**Task**:
Look through the entries below and copy exactly the part that begins with the line containing "Camera Controls To" and ends with the line containing "Gaomei Wetlands Area". Do not copy the pictures.

**Given data**:
§

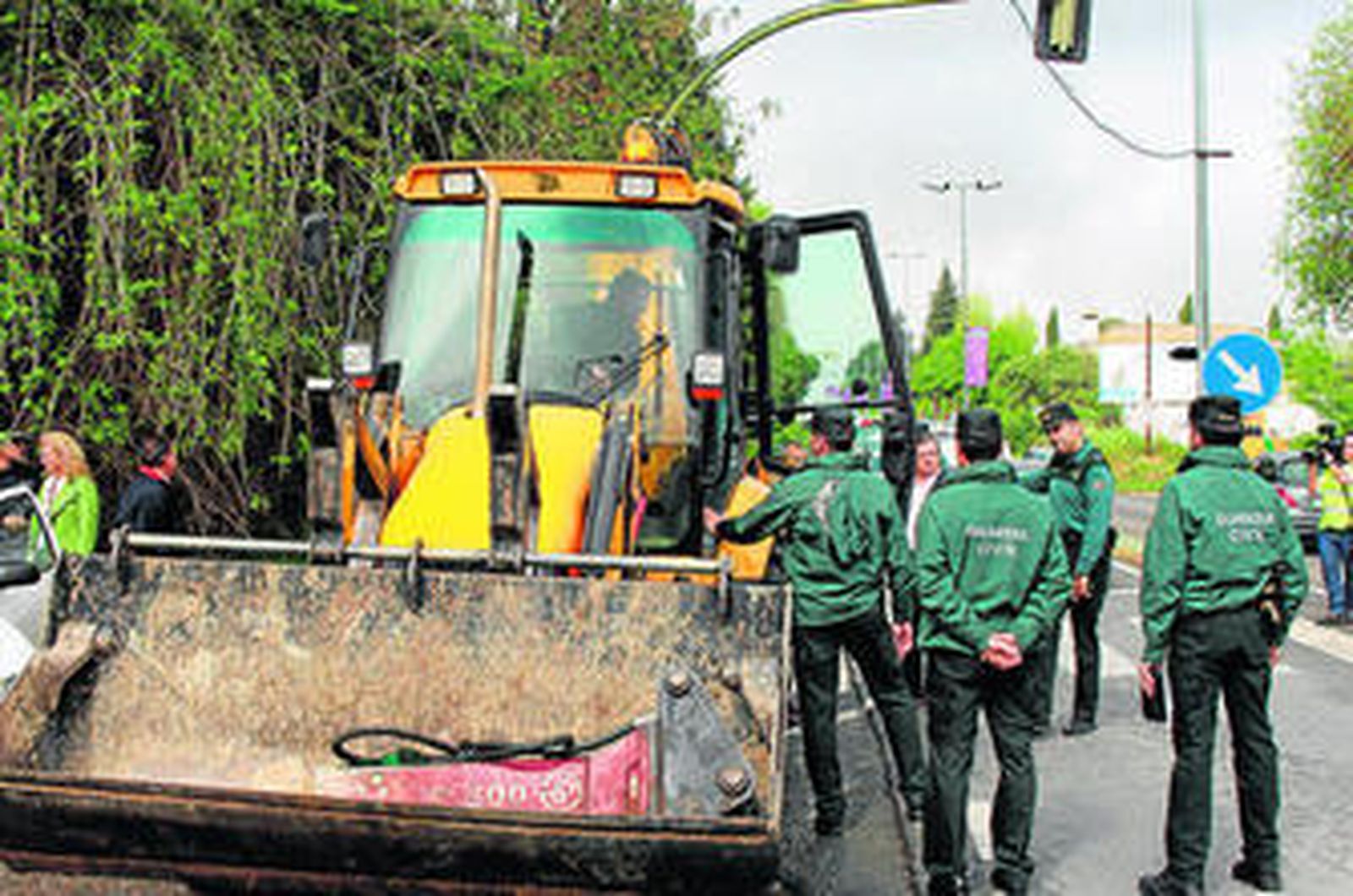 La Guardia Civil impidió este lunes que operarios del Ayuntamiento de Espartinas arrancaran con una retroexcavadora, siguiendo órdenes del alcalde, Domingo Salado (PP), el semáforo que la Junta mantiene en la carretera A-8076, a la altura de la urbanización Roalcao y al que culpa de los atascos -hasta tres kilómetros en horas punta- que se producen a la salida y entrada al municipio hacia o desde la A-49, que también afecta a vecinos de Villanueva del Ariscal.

§

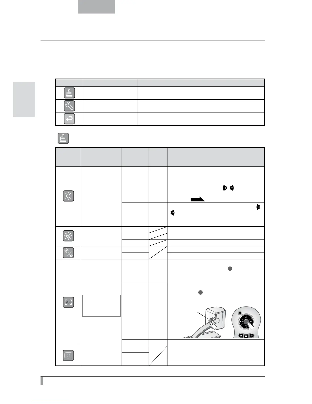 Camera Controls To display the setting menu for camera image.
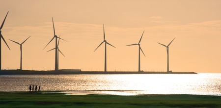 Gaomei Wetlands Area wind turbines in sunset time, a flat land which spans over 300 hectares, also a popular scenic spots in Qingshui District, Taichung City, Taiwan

§

**Answer section**:
 Camera Controls To display the setting menu for camera image.
 Gaomei Wetlands Area wind turbines in sunset time, a flat land which spans over 300 hectares, also a popular scenic spots in Qingshui District, Taichung City, Taiwan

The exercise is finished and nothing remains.